The 2026 State of Government Affairs Report

The 2026 State of Government Affairs Report

Introduction

Within the government affairs landscape, expanding policy agendas, heightened scrutiny, rapid technological change, and sustained political complexity are reshaping how teams monitor issues, demonstrate value, and get work done. How are government affairs professionals navigating this environment?

The 2026 edition of the State of Government Affairs report explores this question through a survey of 181 professionals working across government relations, public policy and regulatory affairs, representing a broad range of industries, organizational sizes, and role types.

Respondents shared candid perspectives on what is working well, where strain is most acute, and how their work is evolving. The data reveals how teams are adapting to growing complexity while remaining deeply motivated by purpose and impact.

This report examines the day-to-day realities of government affairs work today — including tools, time allocation, and professional sentiment — and surfaces key trends to watch as teams look ahead to 2026. Together, these insights offer a grounded view of the profession’s current state and where it may be headed next.

Section 1: Policy & Issue Monitoring

 

Policy and issue monitoring sits at the center of government affairs work. 

While the largest group of respondents (29%) report tracking 20+ issues, similar shares track between 3–6, 6–10, and 10–20 issues. This distribution suggests that policy volume varies widely by organization.

However, only 6% of respondents report tracking just a few issues. The data suggests that most teams operate under sustained policy pressure.

How many public policy issues is your organization currently following?

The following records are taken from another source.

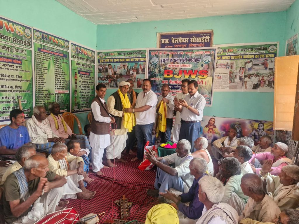 पातेपुर ( वैशाली) प्रखंड के प्राणपुर गांव में बी जे डब्लू एस स्वयंसेवी संस्था द्वारा संचालित वृद्ध सम्मान केंद्र , प्राणपुर में वृद्धों के बीच होली मिलन समारोह का भव्य आयोजन किया गया।हर वर्ष की तरह इस वर्ष भी होली मिलन संस्था के संस्थापक सचिव डॉ सुरेश राय के नेतृत्व में बुजुर्गों के संग होली कार्यक्रम भाव रूप से आयोजन किया गया ।कार्यक्रम में मुख्य रूप से संस्था के संरक्षक सह व्यापार मंडल अध्यक्ष गणेश राय , संरक्षक वीरेंद्र प्रसाद सिंह , संरक्षक राजेश कुमार सिंह , सलाहकार मंडल सदस्य लक्ष्मी ठाकुर , (मुखिया, मौदह बुजुर्ग ) स्थानीय मुखिया राजीव कुमार चौधरी राजू ,कार्यकारी अध्यक्ष गौतम कुमार सक्रिय साथी प्रेम सागर , अजंत कुमार ठाकुर , संस्था के दूसरे शाखा मौदह बुजुर्ग से डॉ देवेंद्र सिंह के साथ- साथ बड़ी संख्या में बुजुर्ग , वृद्ध सम्मान केंद्र के सैकड़ो वृद्धजन एवं सेवा दल के साथी के द्वारा कार्यक्रम का सफल आयोजन किया गया ।कार्यक्रम में बुजुर्गों को अंग वस्त्र से सम्मानित करते हुए अनेक प्रकारों का व्यंजन के साथ प्रसाद ग्रहण करते हुए सभी लोग गुलाल के साथ मस्ती में होली के गीतों का आनंद लिया।
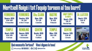 La presidenta de Junts per Tortosa, Meritxell Roigé, ha explicat que la iniciativa respon a la voluntat de “tornar al carrer, seguir escoltant la gent i posar el focus a tots i cadascun dels barris de Tortosa“.
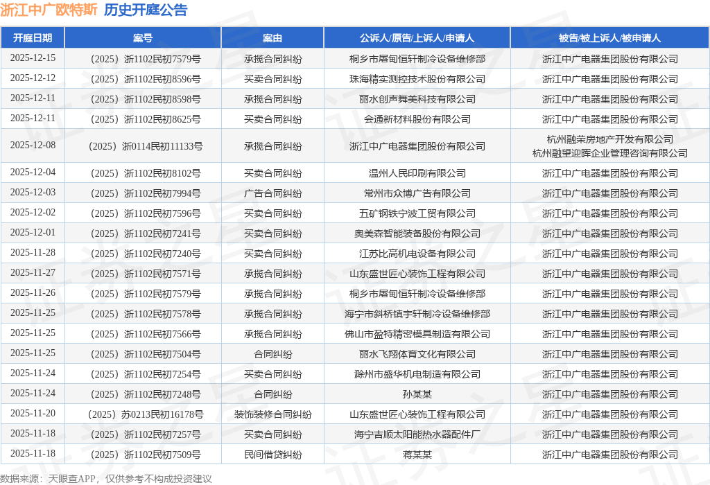 案号:(2025)浙1102民初7579号根据统计,近一年内以浙江中广电器集团股份有限公司为当事人的历史开庭公告有46则,其中案由为“买卖合同纠纷”的公告以20则居首,其次为“承揽合同纠纷”有18则,“合同纠纷”有3则。历史开庭公告(前20条)如下:

Only 6% of respondants track three or fewer public policy issues – the majority are tracking more.

 

Positive Signals

When viewed year-over-year, the distribution of time spent on issue monitoring has shifted. 

The largest share of respondents (43.5%) report spending just 0–5 hours per week finding and monitoring legislation, with fewer respondents fall into the highest time-intensive buckets.

This shift coincides with a significant increase in the adoption of legislative and regulatory tracking tools.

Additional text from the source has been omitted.